Larry Elliott 

The ‘rules-based order’ Davos craves has bigger problems than Trump: it represents a world that no longer exists

The global economic system doesn’t even benefit its US and European creators any more, says Guardian columnist Larry Elliott
  
  

Donald Trump at the 56th annual World Economic Forum in Davos, Switzerland, 21 January 2026.
Donald Trump at the 56th annual World Economic Forum in Davos, Switzerland, 21 January 2026. Photograph: Romina Amato/Reuters

Donald Trump represents everything that the Davos crowd hates – and it is unlikely they are any more well-disposed towards him after being forced to listen to more than an hour of the president’s rambling speech today. He is a protectionist, not a free trader. He thinks the climate crisis is a hoax and is suspicious of multilateral organisations. He prefers power plays to dialogue and he doesn’t have any time for the “woke” capitalism that Davos has been keen to promote, with its focus on gender equality and ethical investment. The shindig’s organisers, the World Economic Forum (WEF), had to agree to sideline those issues in order to secure Trump’s appearance.

For decades, anti-globalisation protesters have sought to shut down the WEF. Thanks to Trump’s threat to take over Greenland, their prayers may soon be answered. In today’s world, Davos is an irrelevance and it seems fitting that Trump should be on hand this week to deliver the coup de grace to the liberal international rules-based order that the WEF prides itself on upholding.

Emmanuel Macron, the French president, was right when he said there has been a shift to a “world without rules”, and there is some irony in that, given that the liberal international rules-based order that has been in place since the second world war was largely a US construct.

Pared back to basics, the liberal rules-based order has been just another way of describing US hegemony, with Europe as its junior partner. As part of this arrangement, the US guaranteed Europe’s security through Nato, and acted as the world’s consumer of last resort. Even before the arrival of Trump, this version of a liberal order was breaking down.

There are a number of reasons for this. For a start, the institutional framework that makes and enforces the rules is no longer fit for purpose. The economic architecture of the postwar world – the International Monetary Fund (IMF) and the World Bank – is now more than eight decades old and was designed along specifications drawn up by policymakers in Washington when US power was at its zenith.

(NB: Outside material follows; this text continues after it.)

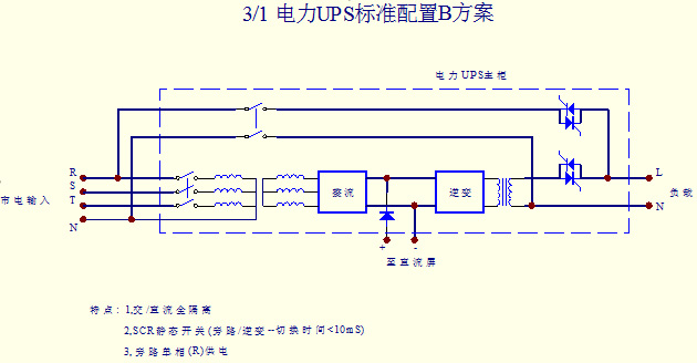 5、特殊的靜態開關設計,具備真正的零中斷運作,因為輸出具有隔離變壓器,可以實現電流隔離,在此基礎上設計的靜態開關電路,保證任何狀態轉換下,輸出電壓均無中斷時間,是真正意義的零中斷,保護了用戶負載正常安全的工作。

The US was granted an effective veto over IMF and World Bank decisions. By dint of a gentleman’s agreement, it has the right to appoint the president of the World Bank, while Europe is allowed to choose the managing director of the IMF. Powerful emerging countries such as China, India and Brazil see no reason why the governance of the IMF and World Bank should reflect the world as it stood when they were created in 1944, as opposed to the one that exists today.

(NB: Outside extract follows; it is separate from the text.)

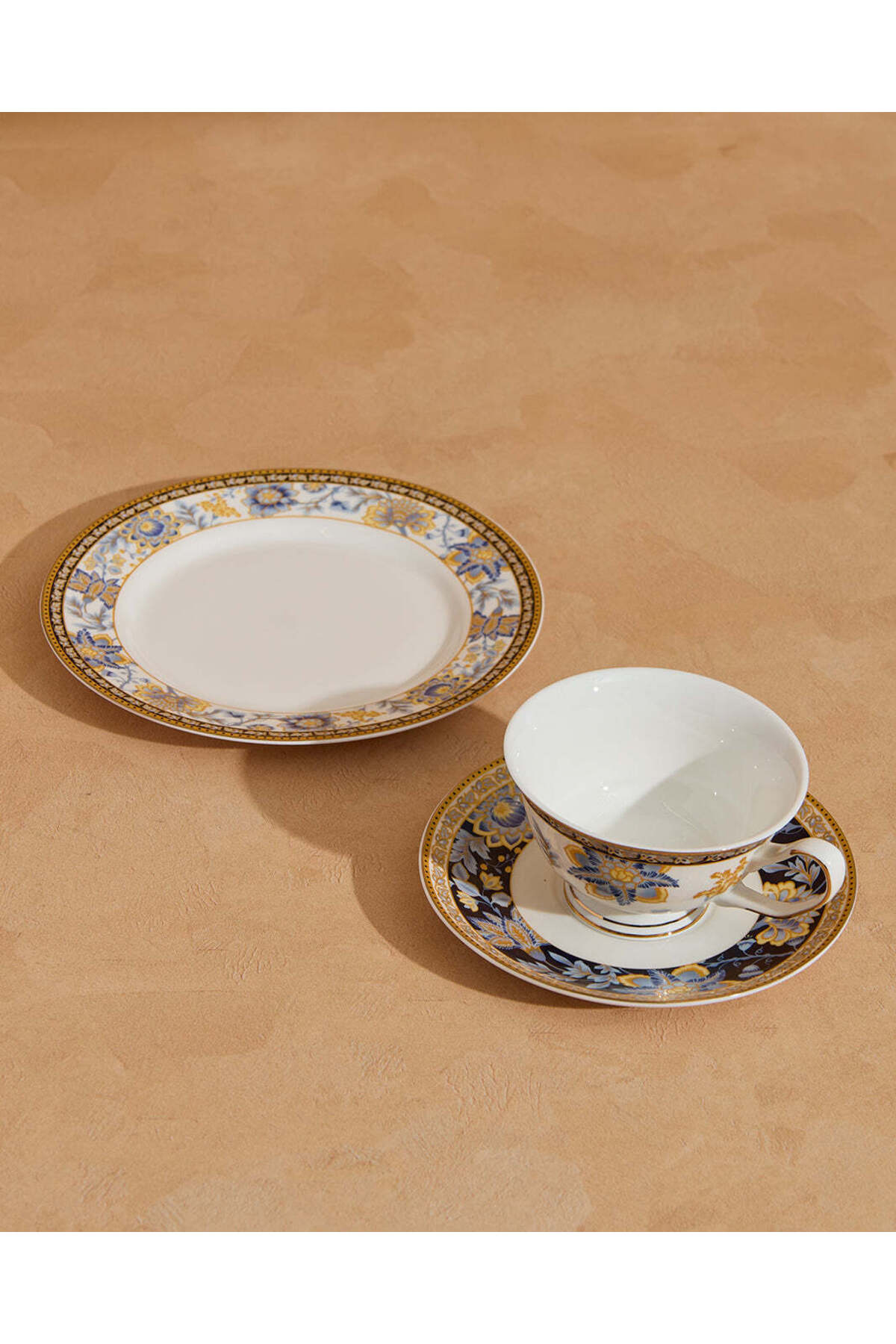 REDTAG طقم إفطار بنقوش زرقاء وذهبية (3 قطع)

It is a similar story when it comes to trade. The liberalisation deals that reduced tariffs and increased market access were effectively a stitch-up between the US and Europe. Terms were agreed by the US and its western allies and then imposed on other countries. As developing countries have grown in size and importance, they have proved increasingly resistant to the idea that they should meekly accept agreements that offer them so little. Increasingly, the rest of the world sees little merit in a system weighted in favour of the rich developed nations. It has been more than 30 years since the last global trade agreement.

Since then, the US’s position as the world’s economic hegemon has come under serious threat as the result of China’s rapid growth. Europe is in a worse state than the US. It has grown much more slowly, displays no signs of matching US innovation, and relies on it for its security. If Trump did decide to take Greenland by force, Europe collectively would be unable to stop him.

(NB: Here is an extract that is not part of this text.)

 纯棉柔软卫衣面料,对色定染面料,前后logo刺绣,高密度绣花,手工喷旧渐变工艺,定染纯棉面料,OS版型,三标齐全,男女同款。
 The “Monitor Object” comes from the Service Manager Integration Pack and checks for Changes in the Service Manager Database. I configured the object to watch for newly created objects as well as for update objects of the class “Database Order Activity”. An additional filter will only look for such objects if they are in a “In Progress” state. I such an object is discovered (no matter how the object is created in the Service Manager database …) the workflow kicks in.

The rules-based order is under internal as well as external threat. It was one thing when liberal democracy underpinned an economy in which a rising tide lifted all boats, but quite another in a world where the rich are getting richer while those on middle incomes and below are struggling. That’s most obviously the case in Trump’s America, where labour’s share of national income has fallen to its lowest level since records began.

The question is what happens next. Clearly, a well-functioning international order is preferable to the law of the jungle, but crafting one is not going to be easy. It requires faster and more inclusive growth. It requires significantly higher investment in public infrastructure. It requires the rich west to give poorer countries financial help so that they can protect themselves against the climate crisis. It requires Europe to do more to pay for its own defence. And it requires reform of the international institutions: the United Nations and the World Trade Organization as well as the IMF and the World Bank.

The original aim of the IMF was to help countries with balance-of-payments problems and the UK, represented by John Maynard Keynes, argued that both creditor and debtor nations should have a role to play. The suggestion that creditor nations should be obliged to import more was turned down flat by the US, then comfortably the world’s biggest creditor nation. Instead, the burden of adjustment would fall on debtor nations through lower imports and domestic austerity. A properly functioning rules-based system would remedy this defect.

There is no room for complacency. It may be tempting to imagine that things will be different when Trump has left the White House, but such optimism is misplaced. It is not just a question of replacing the narcissist currently residing in the White House. It is about tackling the structural reasons why the rules-based system is collapsing.

As Mark Carney, Canada’s prime minister, said in Davos earlier this week, the old order “is not coming back”.